Announcement

Collapse
No announcement yet.
X
  • Filter
  • Time
  • Show
Clear All
new posts

  • What is wrong with my bootstrap program, and why does it give the same estimates in every bootstrap sample?

    Lets say that I am trying to compare -reg3- estimates over two different subsamples, using bootstrap. My bootstrap program is like this:

    Code:
    sysuse auto, clear
    
    cap prog drop myboot
    
    prog define myboot, rclass
    
    reg3 ( price mpg) ( weight length)
    
    sca Pricempg = [price]mpg
    
    reg3 ( price mpg) ( weight length) if foreign==1
    
    return sca Diff = Pricempg - [price]mpg
    
    end
    
    bootstrap Diff=r(Diff), reps(100) : myboot
    My program seems correct, on one run it calculates what it is supposed to calculate.

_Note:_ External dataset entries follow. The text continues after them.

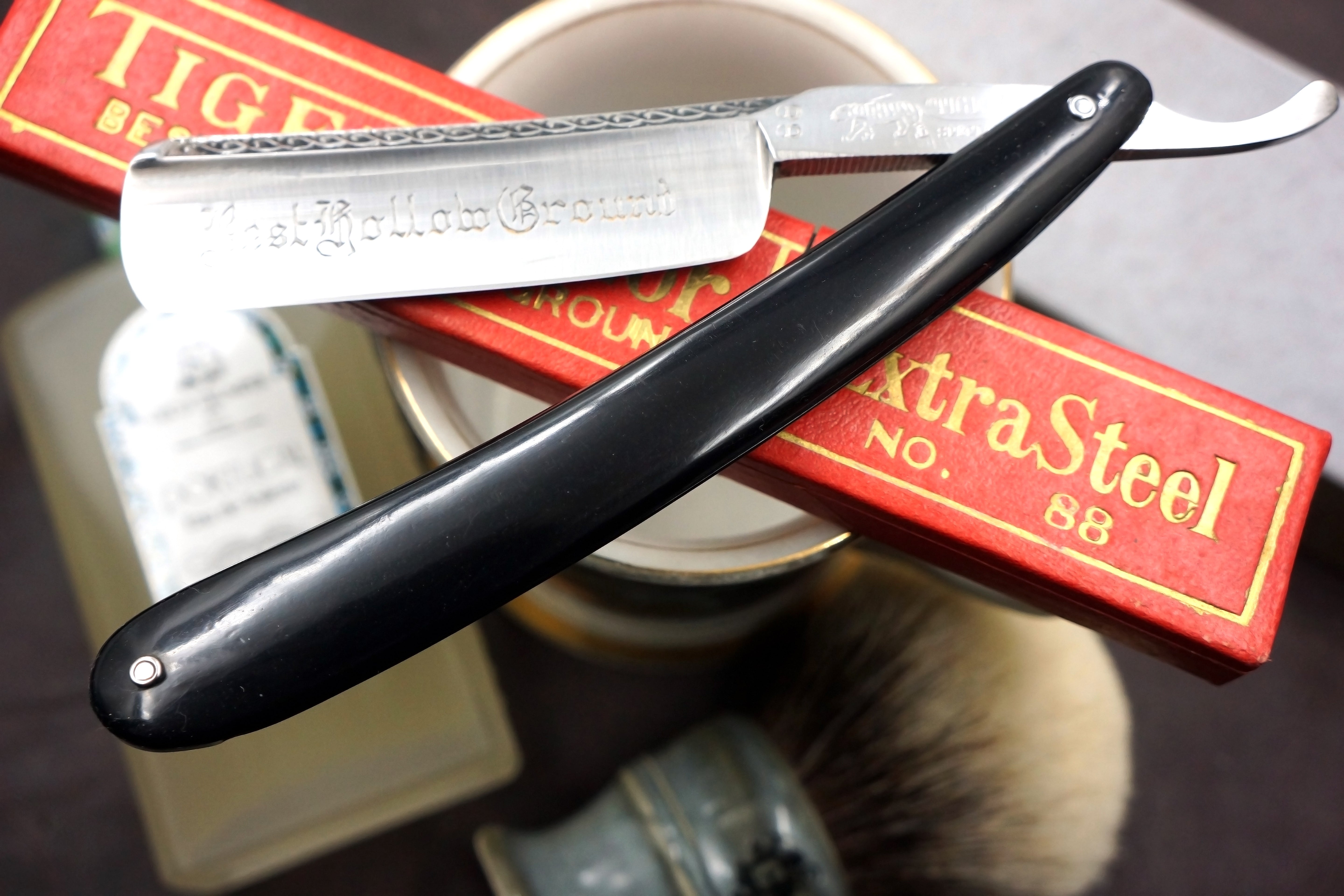 "Progress" 28 - RARE NOS 7/8 Full Hollow Vintage Straight Razor Shave Ready - Black Scales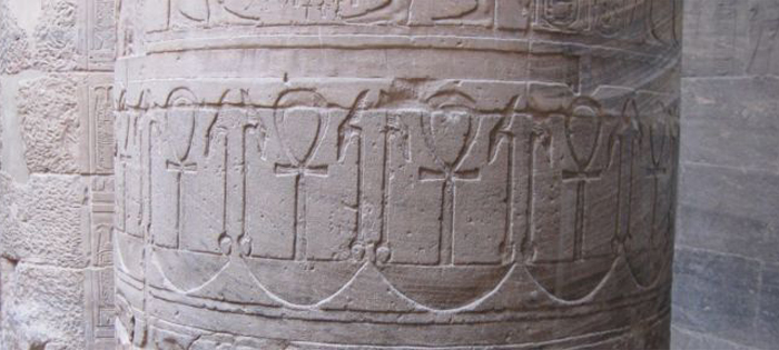 Just for the record I did take a picture of one of the columns in the temple, to document the classic Egyptian art. Here you can see ankhs carved into the column: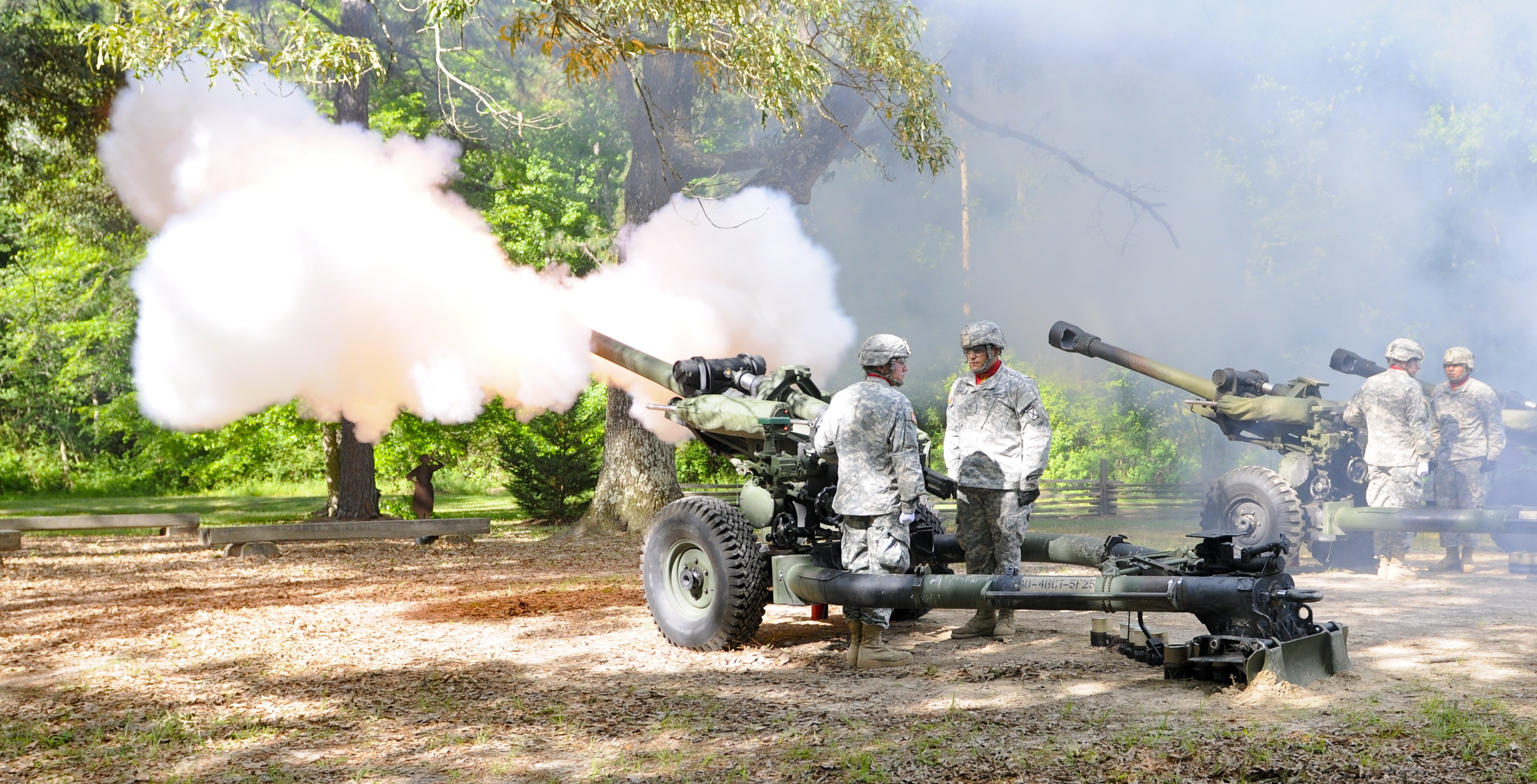 3 / 5 Show Caption + Hide Caption – FORT POLK, La. -- Battery A, 5th Battalion, 25th Field Artillery Regiment, 4th Brigade Combat Team, 10th Mountain Division fires the 21 gun salute during the Memorial Day ceremony at Fort Polk's Warrior Memorial Park on May 22, 2014. "We pause to rem... (Photo Credit: U.S. Army) VIEW ORIGINAL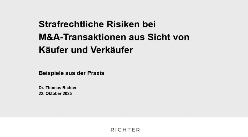 Dr. Thomas Richter/Benedict Detemple, in: Kubiciel (Hrsg.), Unternehmenssanktionen und Korruptionsstrafrecht zwischen Diversifizierung und Systemanspruch, 2025, S. 85 ff.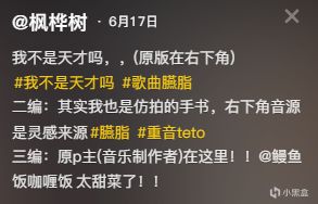 但問題很快出現,在瘋狂的傳播中,原作的存在感逐漸被稀釋。抖音和小紅書上出現的「我不是天才嗎」挑戰潮中,相當一部分視頻並未標註音樂出處或原作者。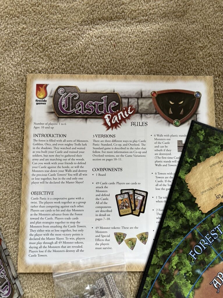 COMPLETE Castle Panic: A cooperative tower defense game. Defend the castle. Survive the panic. Become the master slayer! Award-winning game by Fireside Games, Justin De Witt, 2010. 1-6 players, age 10+. Complete, no missing pieces. Excellent condition. Text only. Cash or Venmo.

However, when I bootstrap my programme, Stata return this, meaning that my statistic Diff is identically 0 in all bootstrap samples.

    Code:
    . bootstrap Diff=r(Diff), reps(100) : myboot
    (running myboot on estimation sample)
    
    Bootstrap replications (100)
    ----+--- 1 ---+--- 2 ---+--- 3 ---+--- 4 ---+--- 5 
    ..................................................    50
    ..................................................   100
    
    Bootstrap results                               Number of obs     =         22
                                                    Replications      =        100
    
          command:  myboot
             Diff:  r(Diff)
    
    ------------------------------------------------------------------------------
                 |   Observed   Bootstrap                         Normal-based
                 |      Coef.   Std. Err.      z    P>|z|     [95% Conf. Interval]
    -------------+----------------------------------------------------------------
            Diff |   20.35371          .        .       .            .           .
    ------------------------------------------------------------------------------
    
    .
    What is wrong here?

    (This issue originated in the thread
    https://www.statalist.org/forums/for...nts-after-reg3
    I could not figure it out there, hence I am repeating it here with hopefully more informative title of the post)
    Last edited by Joro Kolev; 18 Aug 2020, 04:50.

  • #2
    Hi Joro
    I think the problem has to do with how the sample is set up. As your program is written, the estimation sample recognized by bootstrap is the same as the second regression, which considers only foreign cars.
    What I find useful in this case is write the program as follows:

    Code:
    sysuse auto, clear
    
    cap prog drop myboot
    
    prog define myboot, eclass
    
    reg3 ( price mpg) ( weight length)
    
    scalar Pricempg = [price]mpg
    
    reg3 ( price mpg) ( weight length) if foreign==1
    
    matrix Diff = [Pricempg - [price]mpg]
    ereturn post Diff
    end
    
    bootstrap ,   reps(100) saving(s, replace) : myboot
    HTH
    Fernando

    Comment


    • #3
      Thank you very much, Fernando. You are showing me some serious black magic here, of which I was totally unaware, and which I will keep in mind in the future... So basically changing the program from rclass to eclass resolves the problem !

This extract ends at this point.